DATA SECTION —
============================================================
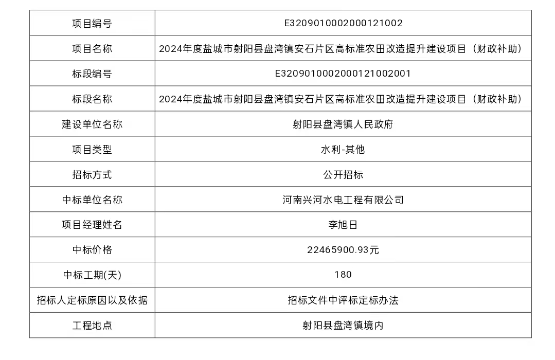 2024年度盐城市射阳县盘湾镇安石片区高标准农田改造提升建设项目(财政补助)中标结果公告
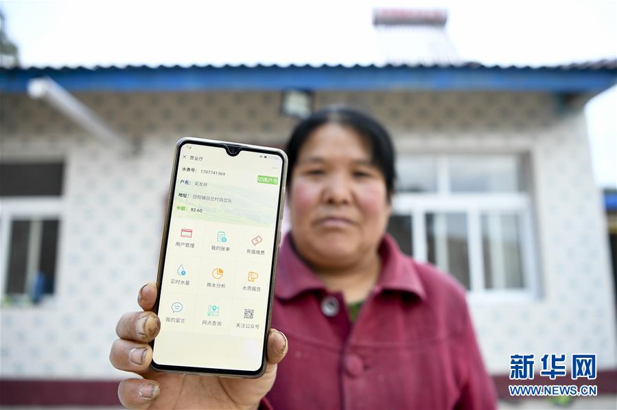 在宁夏固原市彭阳县白阳镇白岔村,村民展示可以“手机买水”的界面(10月11日摄)。 新华社记者 冯开华 摄
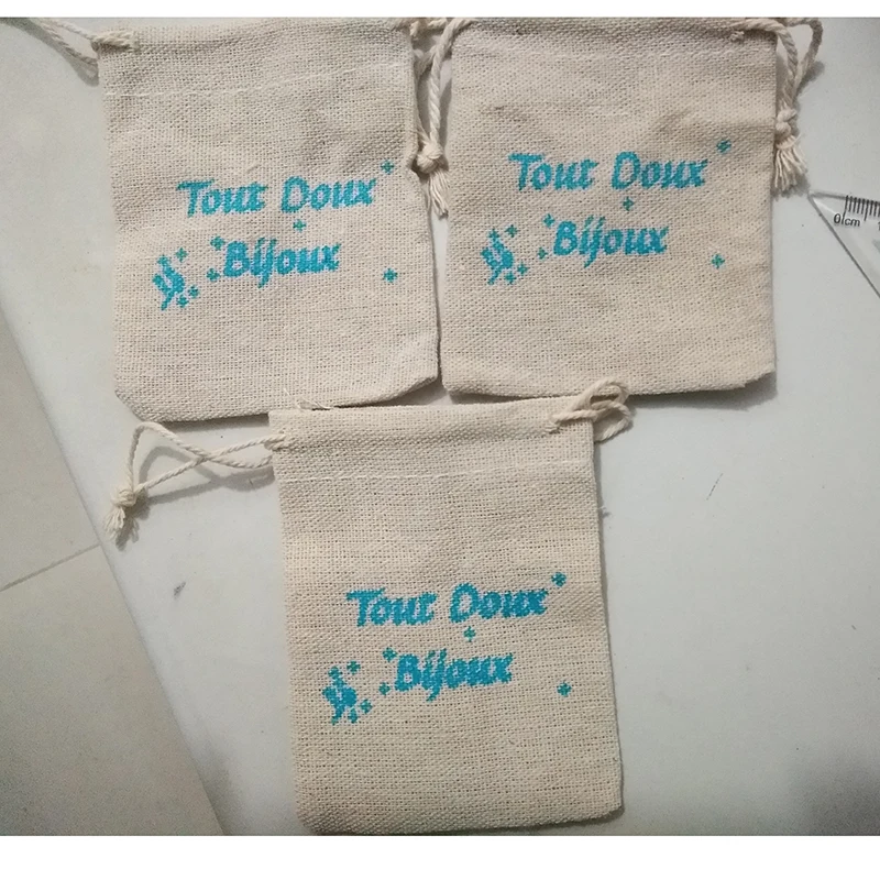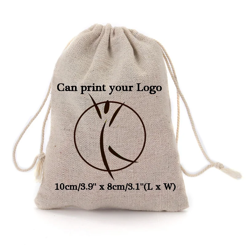Personalized logo 8x10cm (3"x4") Cotton Linen Drawstring Gift Bags can print company logo or store name Customized wedding name
============================================================
PROMPT — Print the complete listing exactly, apart from any pictures.

YOUR SOLUTION —
 2024年度盐城市射阳县盘湾镇安石片区高标准农田改造提升建设项目(财政补助)中标结果公告
 在宁夏固原市彭阳县白阳镇白岔村,村民展示可以“手机买水”的界面(10月11日摄)。 新华社记者 冯开华 摄
Personalized logo 8x10cm (3"x4") Cotton Linen Drawstring Gift Bags can print company logo or store name Customized wedding name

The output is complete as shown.